Erdoğan, Bahçeli’yi de yanına aldıktan sonra “Bu ülkenin tek yerli, milli, Müslüman partisi benim” diyor, CHP ve tüm muhalefeti, “yerli olmayan, milletin değerlerinden, dininden uzak, düşman” parantezine alıyor. Böyle yaparken de, CHP ve solun geçmişinden çok sayıda olayı, bağlamından çıkarıp kullanıyor ve geniş kitleler nezdinde inandırıcı da oluyor. CHP’nin “hayır öyle değil; camileri ahır yapmadık, din eğitimini yasaklamadık, imam hatipleri biz açtık…” şeklindeki savunmaları AKP’nin iddialarını güçlendirmekten başka bir işe yaramıyor. CHP, bir öz eleştiri de yapıp geçmişteki yanlışlıklara “bunlar yanlıştı” demeli. Ama esas yapılacak iş; sosyal demokrat bir programı bu ülkenin gerçeklerine uygun bir şekilde sunmaktır. Bunun inandırıcı olması ise, an önce de üzerinde durdum, taşıyıcıların toplumun ortalamasını temsil edecek insanlardan oluşmasıdır. Aksi takdirde ‘Müslüman mahallesinde salyangoz satma’ pozisyonuna düşülüyor.

Laiklik meselesi…

İnsanların inanç ve yaşam tarzlarının laiklikle bir ilgisi yok. Laiklik; devletin inanç ve yaşam tarzları arasında ayırım yapmamasıdır. Devlet seçkinlerinin, yurttaşların bir kısmına yaşam tarzı dayatması, inançları tercihine göre tanımlaması, devlet imkânları ile bu tanımı insanlara empoze etmesi laikliğe aykırıdır. CHP bunları söylüyor, Sayın Kılıçdaroğlu bunları söylüyor ama toplumda hala CHP’nin bir devlet partisi olduğu, iktidara gelirse insanlara tekrar din anlayışı ve yaşam tarzı dayatacağı şeklinde bir algı var. CHP’nin bu algıyı yıkması gerekiyor; bu ancak tüm yaşam tarzlarının CHP’de siyaset yapmasına kapı açarak mümkün olur.

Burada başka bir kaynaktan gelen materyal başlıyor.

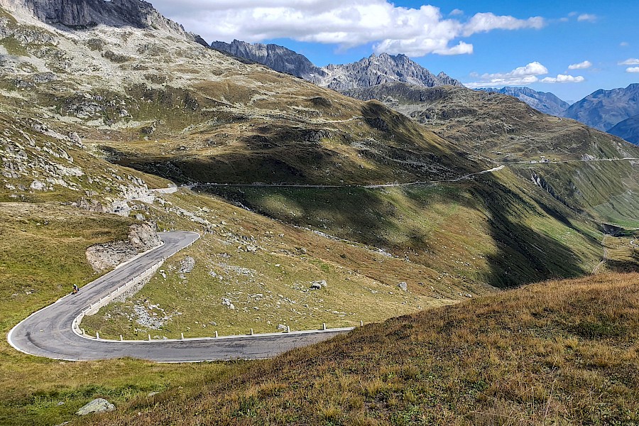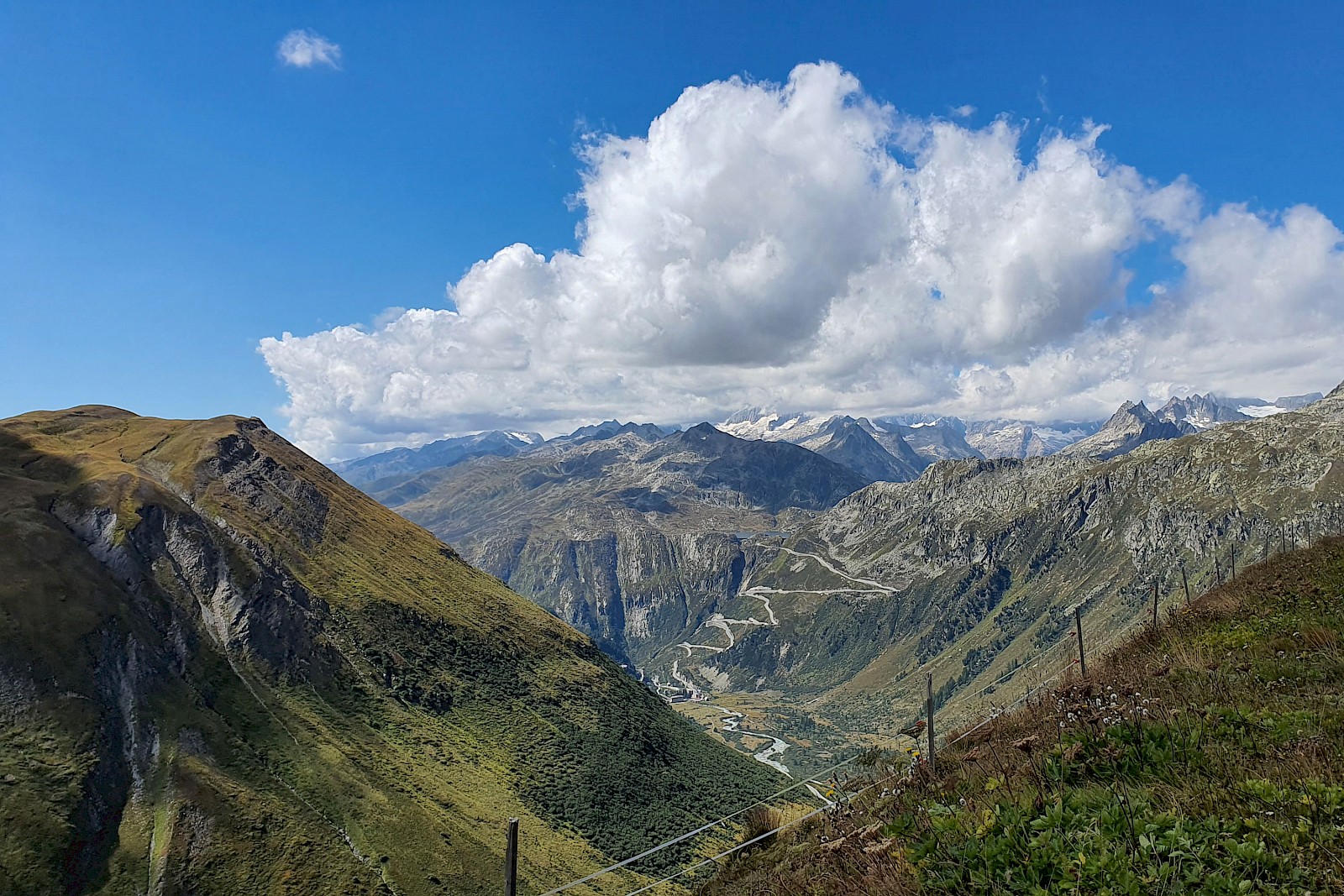 So sind wir erst anfang September, nach ein paar richtig verregneten Tagen, in die Schweiz gestartet. Das war die richtige Entscheidung und der Campingplatzbesitzer am Zuger See, der ersten Übernachtung, meinte es wäre der erste Tag an dem der Platz nicht ausgebucht sei. Für den zweiten Campingplatz beim Vierwaldstätter See galt das schon nicht mehr, immerhin konnten wir 2 Nächte bleiben. Es gab dieses Mal wirklich keine geplanten Routen, jeden Abend wurde entschieden wie es weiter gehen soll. Auch wenn mit der Entscheidung nach Andermatt zu fahren, doch eine gewisse Vorentscheidung wie es weitergehen würde gefallen ist. Wieder einmal sind wir auf der Gotthartstraße unterwegs. Da es vor dem Gottharttunnel einen langen Stau gab, war etwas mehr Verkehr, kommt leider immer öfter vor. Ich liebe diese Gegend, dieses gewaltige Tal ist einfach beeindruckend. Besonders schön der letzte Abschnitt durch die Schöllenenschlucht von Göschenen nach Andermatt. Sehr gelungen ist der erst letztes Jahr fertiggestellte Radweg durch die Schlucht.

Üçüncü temel sorun olarak ortaya koyduğunuz, toplumsal adaletsizlik ve yoksulluğa karşı nasıl bir çözüm önerisi geliştirilmeli?

Sosyal demokrat bir parti, eşitlik, özgürlük ve adalet değerleri üzerinden geliştireceği bir programla insanlara, herkesin güvenliğinin sağlanacağı, ekmeğin büyütülüp adil bir şekilde dağıtılacağı ve herkesin kimliğini ifade etmesi konusunda özgür olacağını anlatmalıdır. Yani ülkedeki her tür “eşitsizliği” ortadan kaldıracağını söylemelidir. CHP, neo-liberal politikaları açıkça reddedecek; adil paylaşımı sağlayacak, emeğin hakkını ve hukukunu koruyacak, herkesin insanca yaşamasını garanti altına alan bir ücret ve çalışma düzenini ön gören bir ekonomik program önermelidir. Öneriyor da bunları ama insanlar kimliklere hapsedilmiş durumdalar, esasen yıkılması gereken budur. Bizimkilerin bizden olduğu için kategorik olarak iyi, diğerlerinin ise bizden olmadıkları için kategorik olarak kötü olduğu algısı üzerine kurulan kimlik siyasetini reddetmeliyiz. “Ortak iyi”yi kimlik, inanç ve yaşam tarzları üzerinden değil, değerler çerçevesinde tanımlamalıyız. Bunu becerebildiğimizde Erdoğan’ın kurduğu tuzağı bozarız. CHP, toplumun önüne herkesin kendisini içinde bulacağı bir ütopya koyabilirse Türkiye’nin önü açılır. Özellikle CHP’ye oy vermeyenler; “Ben bunları beğenmiyorum, hatta sevmiyorum ama orada, CHP’nin kuracağı toplumsal ve siyasal işleyişte/sistemde ben, ben kalarak, haklarımla beraber var olacağım, hukukum olacak, haksızlığa/adaletsizliğe uğramayacağım, güvende olacağım, özgür olacağım” diyebilmeli.